「女の子がいる場所は」漫画家やまじえびね「描きたいことはないけれど、描けることはあるんじゃないか」

山本 鋼平 山本 鋼平
手塚治虫文化賞贈呈式の会場に展示されたやまじえびね「女の子がいる場所で」のパネル=東京・浜離宮朝日ホール
手塚治虫文化賞贈呈式の会場に展示されたやまじえびね「女の子がいる場所で」のパネル=東京・浜離宮朝日ホール

 漫画家のやまじえびね氏が8日、東京・浜離宮朝日ホールで朝日新聞社が主催する第27回・手塚治虫文化賞の贈呈式に出席した。「女の子がいる場所は」が短編賞に輝いた。
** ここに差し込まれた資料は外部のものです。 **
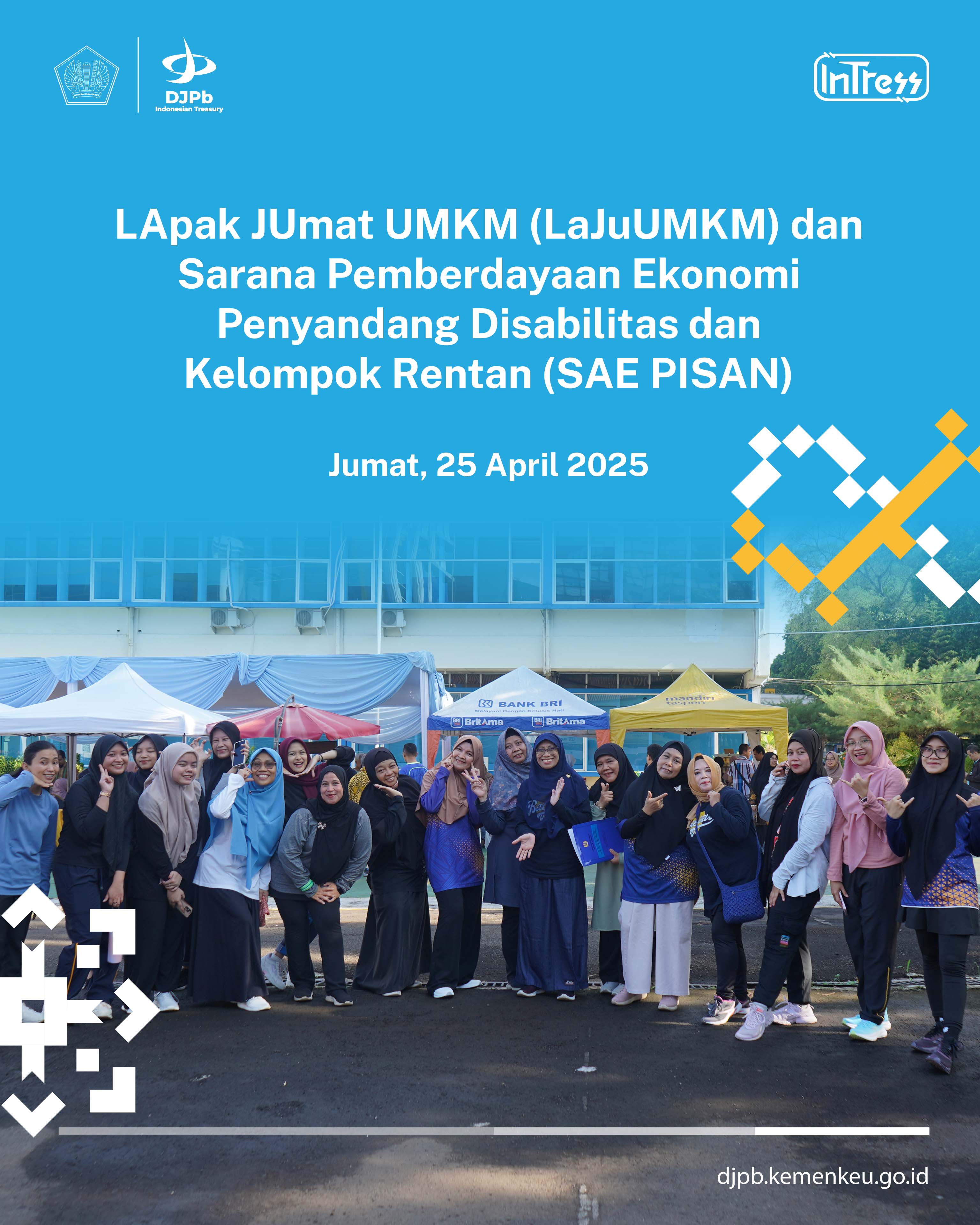Pada Jumat, 25 April 2025, KPPN Bogor menyelenggarakan kegiatan Lapak Jumat UMKM (LaJu UMKM) dan Sarana Pemberdayaan Ekonomi Penyandang Disabilitas dan Kelompok Rentan (SAE PISAN) di lapangan parkir KPPN Bogor . Kegiatan diawali dengan senam bersama kemudian dilanjutkan dengan bazar produk UMKM. Para pelaku UMKM, termasuk dari kelompok disabilitas, turut ambil bagian dalam kegiatan ini dengan menampilkan berbagai produk unggulan mereka. Kegiatan ini bertujuan untuk mendorong partisipasi aktif masyarakat dalam mendukung keberlangsungan UMKM, sekaligus sebagai bentuk pemberdayaan ekonomi bagi penyandang disabilitas dan kelompok rentan. Diharapkan, acara ini dapat menjadi wadah promosi dan penguatan ekonomi lokal secara berkelanjutan.

 同作品は宗教も文化も異なる5カ国の少女たちに降りかかる〝女の子だから〟を描いた短編集。サウジアラビアに暮らすサルマは大好きなサッカーを禁じられ、第二夫人の母に「わたしたちは結婚しないと生きていけないの?」と心の中で問いかける。

 やまじ氏は「とても緊張していますが、ここに至るまで簡単にお話しします」と切り出し、これまでの歩みを語った。

 「38年前に私はデビューしました。高校に入って、高野文子先生の作品に出会い、影響されて、8ページほどの漫画を描いてみました。その漫画の出来がいいのか悪いのか知りたくて、雑誌に投稿したら分かるかも、と送ってみました。するとある晩、電話がかかってきて、担当がつきますから漫画を勉強しませんかというお話。漫画で売れたいと思ったことはありませんでしたが、その時に断る理由が見つからなくて、やってみますと言ってしまいました。そして大学1年でデビューしました。漫画家になることはどういうことか、全然分かりませんでしたが、描きたいことがあるので、それをただ描き続けていきます」

 そう振り返ったやまじ氏に転機が訪れた。

 「ところが近年、描きたいことが出てこなくなりました。もう描きたいことがない。探してみるのですが、どのアイデアもワクワクしない。もう私の漫画家人生、そろそろ終いかなと考えておりました」

 そして、考えに変化が起こった。

 「描きたいことはないけれど、描けることはあるんじゃないか。そこで私が描けそうなことを担当さんに探してもらうことにしました。探してもらったお題を元に、漫画に取り組みました」と語り、担当者に深く感謝の言葉を寄せた。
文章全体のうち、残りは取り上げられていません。